EXERCISE DETAILS: Leaving the pictures out, transcribe the records below exactly.

─── RECORDS SUPPLIED

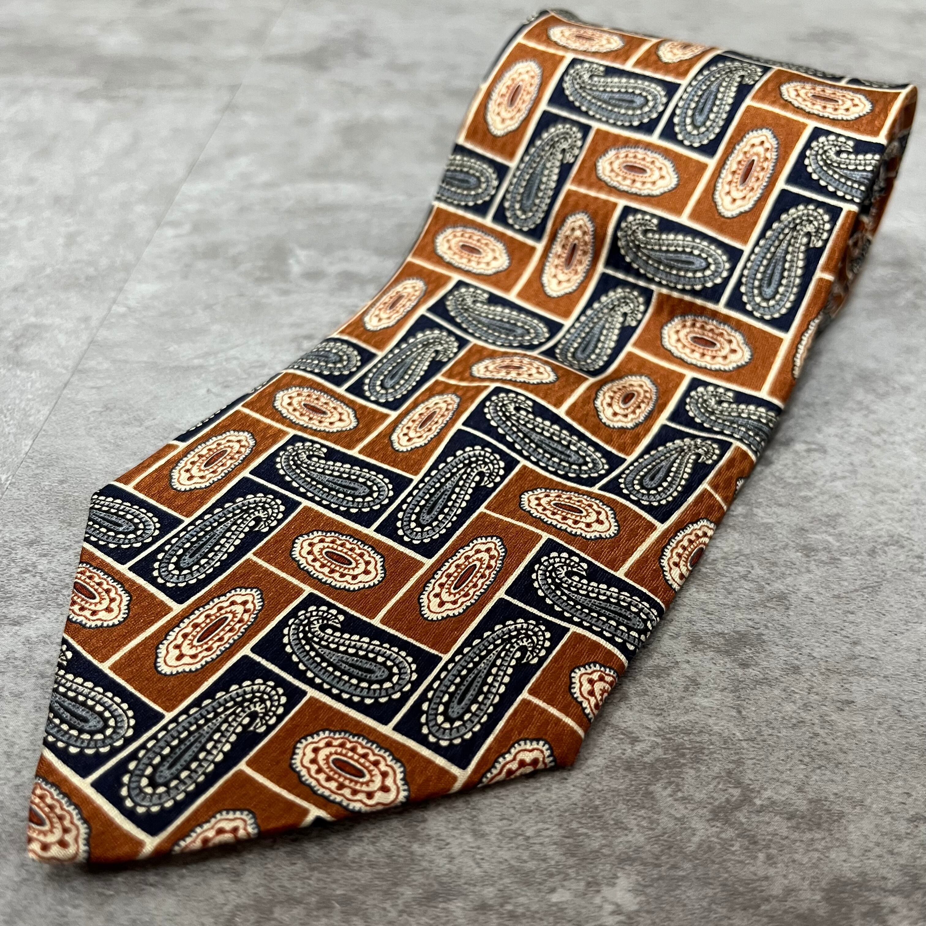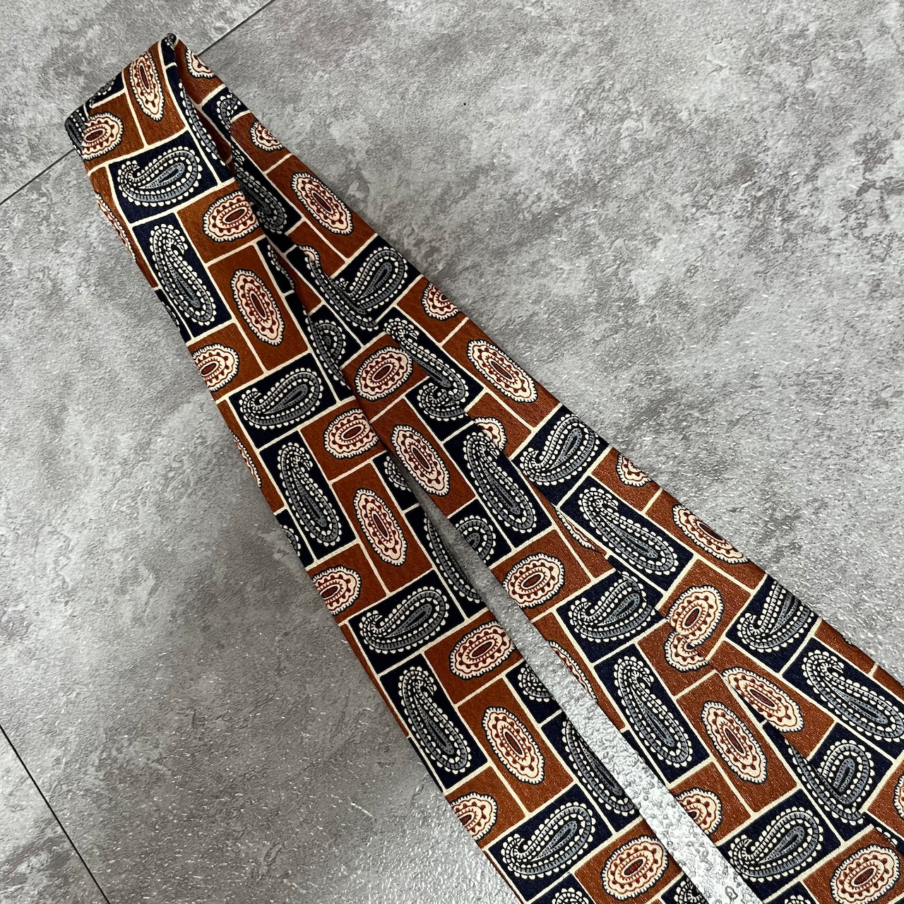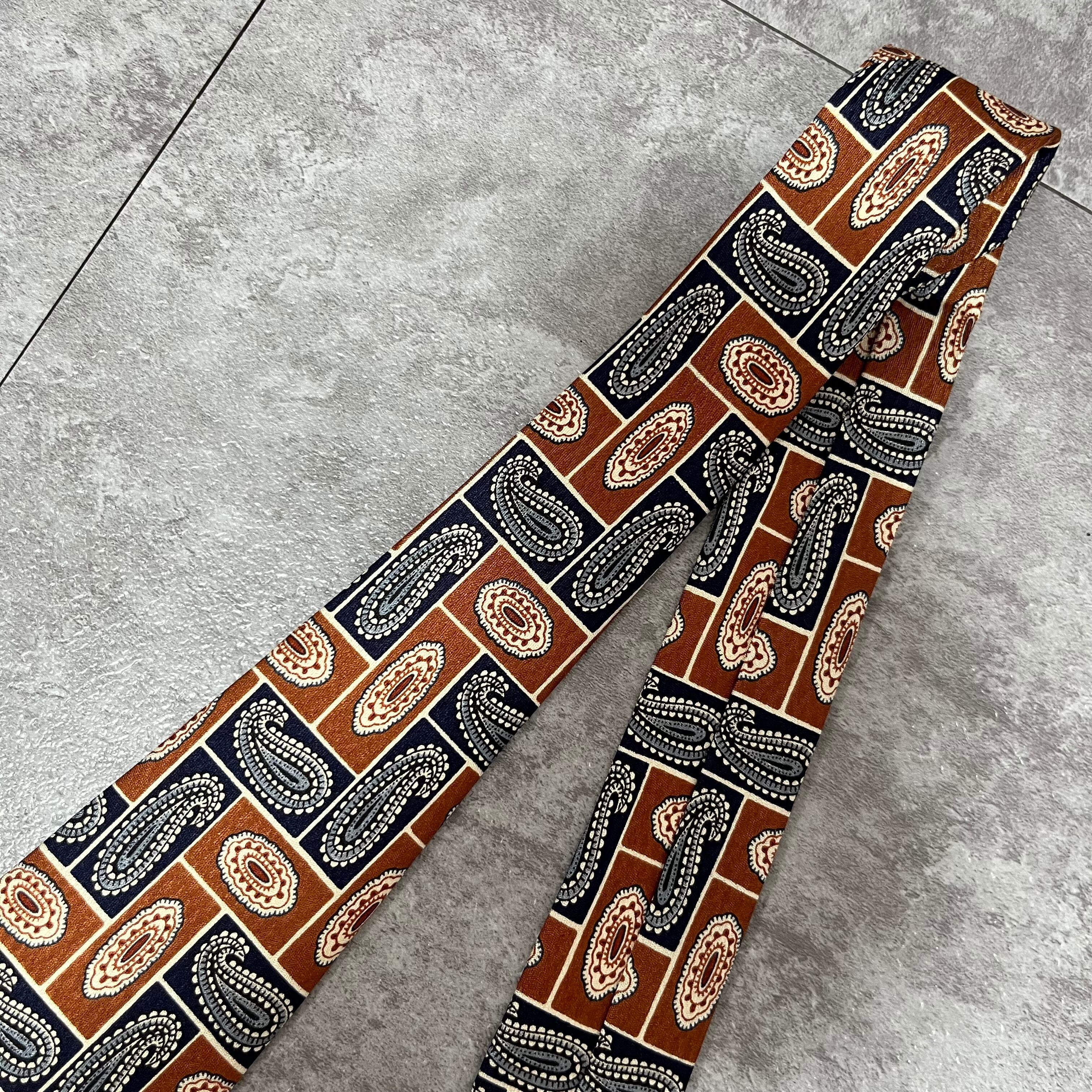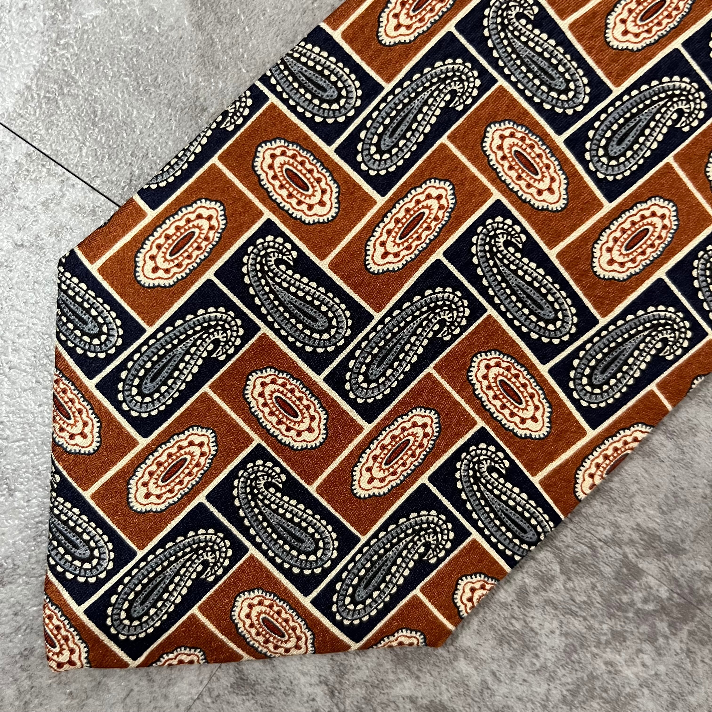【ペイズリー】ペイズリー柄パターンネクタイ バイカラー ネイビー オレンジ
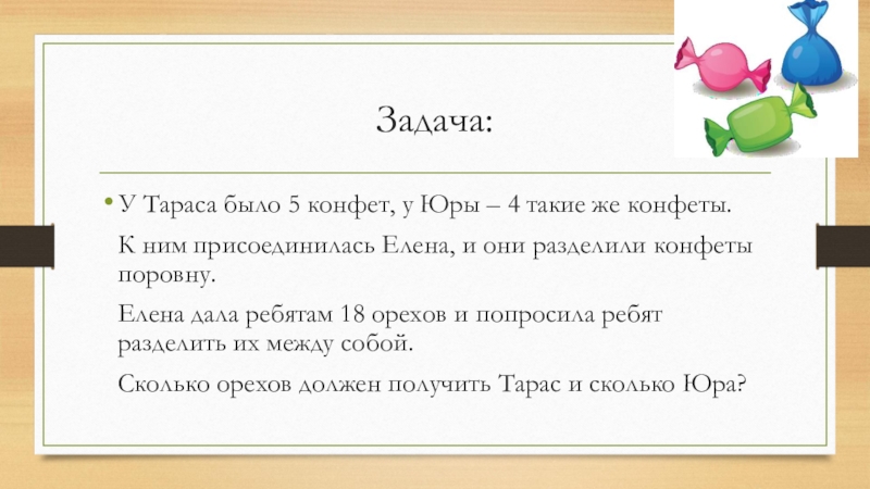 У Тараса было 5 конфет, у Юры – 4 такие же
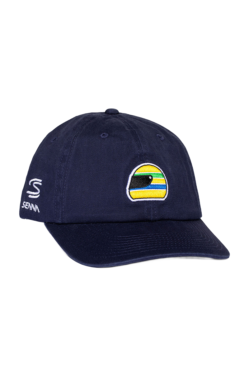 Ayrton Senna Helmet Washed Cap in navy met vintage look en iconisch helm design. Verstelbare F1 pet voor fans.
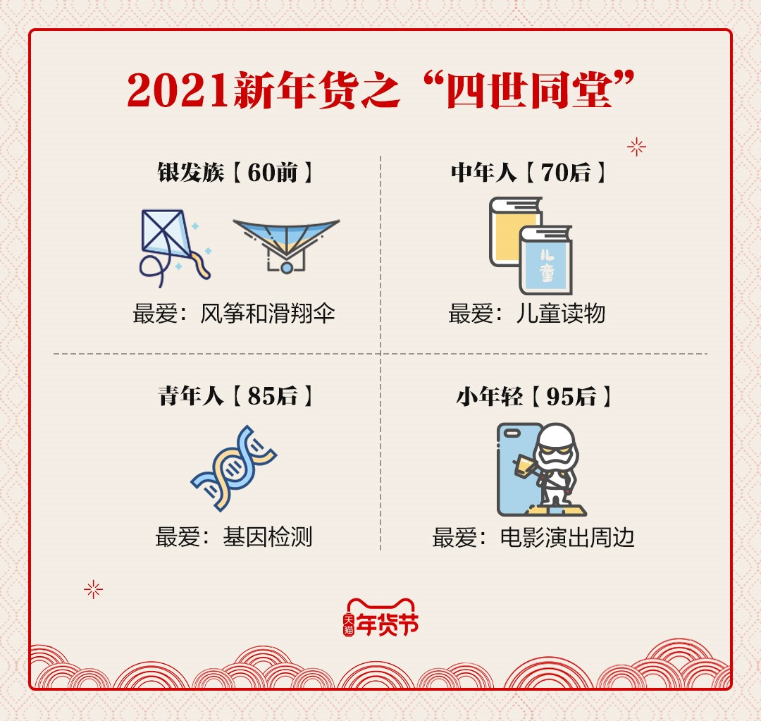 爱上新年货的,不只是90后,还有60后。在银发族的购物车里,有收音头、运动护具,还有风筝和滑翔伞。80后一边陪给孩子囤网课、一边参加在线教育和培训充电,95后年轻人不仅喜爱电影演出周边,也爱收纳整理。
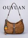 Vintage hoboväska i mocka med spetsbroderi, handvävd knutväska med unik charm, exklusiv handväska i nischdesign, gränsöverskridande modehit (slumpmässiga mönster)
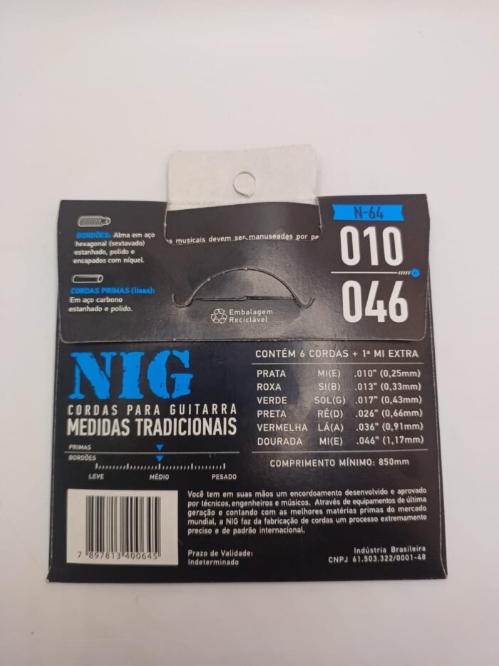 O Encordoamento para Guitarra NIG N-64 é a escolha perfeita para músicos que buscam um som equilibrado, durabilidade e uma tocabilidade confortável. Com a popular medida 010-046, conhecida como “medidas tradicionais”, este conjunto é extremamente versátil e ideal para uma ampla gama de estilos musicais, do rock ao pop e blues.
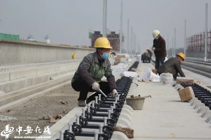 合安高铁四标一分部的工人正在安装轨道扣件,在做好疫情防控的前提下,拉开了项目复工序幕。
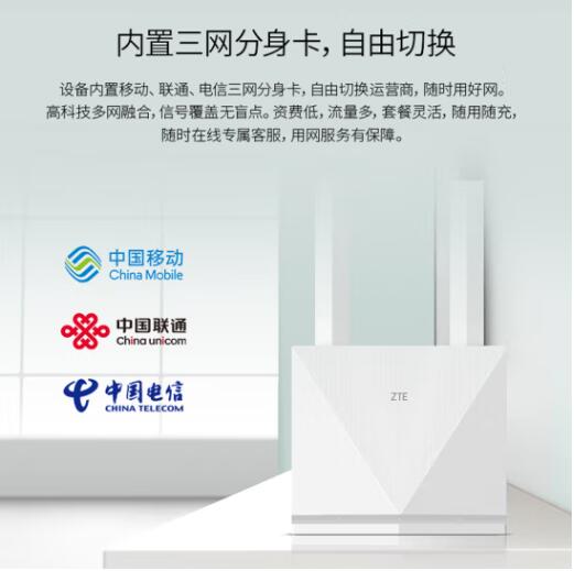商品名称:中兴4g cpe无线免插卡三网切换路由器
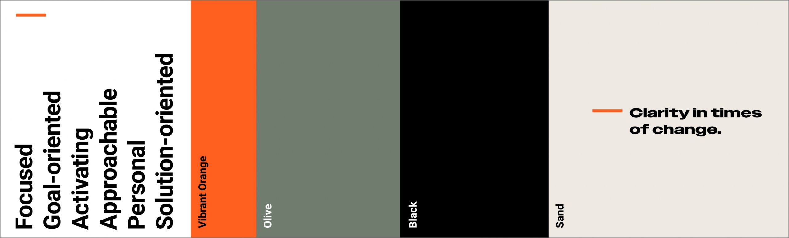 Die reduzierte Farbwelt schafft eine klare Struktur und unterstreicht den strategischen Anspruch der Marke. Das Orange fungiert, reduziert eingesetzt, als gezielter Akzent und steht für den Dialog auf Augenhöhe und Persönlichkeit. Man verbindet mit der Farbe Orange Aktivität, Kreativität und Dynamik – Werte, die den Beratungsansatz prägen, ohne visuell dominant zu wirken.
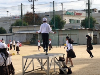 3年生、4年生が元気よくなわとびに取り組んでいます。二重跳びにもチャレンジしています。

──────

OUTPUT OF THE TASK:
【ペイズリー】ペイズリー柄パターンネクタイ バイカラー ネイビー オレンジ
 У Тараса было 5 конфет, у Юры – 4 такие же
 Ayrton Senna Helmet Washed Cap in navy met vintage look en iconisch helm design. Verstelbare F1 pet voor fans.
 爱上新年货的,不只是90后,还有60后。在银发族的购物车里,有收音头、运动护具,还有风筝和滑翔伞。80后一边陪给孩子囤网课、一边参加在线教育和培训充电,95后年轻人不仅喜爱电影演出周边,也爱收纳整理。
 Vintage hoboväska i mocka med spetsbroderi, handvävd knutväska med unik charm, exklusiv handväska i nischdesign, gränsöverskridande modehit (slumpmässiga mönster)
 O Encordoamento para Guitarra NIG N-64 é a escolha perfeita para músicos que buscam um som equilibrado, durabilidade e uma tocabilidade confortável. Com a popular medida 010-046, conhecida como “medidas tradicionais”, este conjunto é extremamente versátil e ideal para uma ampla gama de estilos musicais, do rock ao pop e blues.
 合安高铁四标一分部的工人正在安装轨道扣件,在做好疫情防控的前提下,拉开了项目复工序幕。
商品名称:中兴4g cpe无线免插卡三网切换路由器
 Die reduzierte Farbwelt schafft eine klare Struktur und unterstreicht den strategischen Anspruch der Marke. Das Orange fungiert, reduziert eingesetzt, als gezielter Akzent und steht für den Dialog auf Augenhöhe und Persönlichkeit. Man verbindet mit der Farbe Orange Aktivität, Kreativität und Dynamik – Werte, die den Beratungsansatz prägen, ohne visuell dominant zu wirken.
 3年生、4年生が元気よくなわとびに取り組んでいます。二重跳びにもチャレンジしています。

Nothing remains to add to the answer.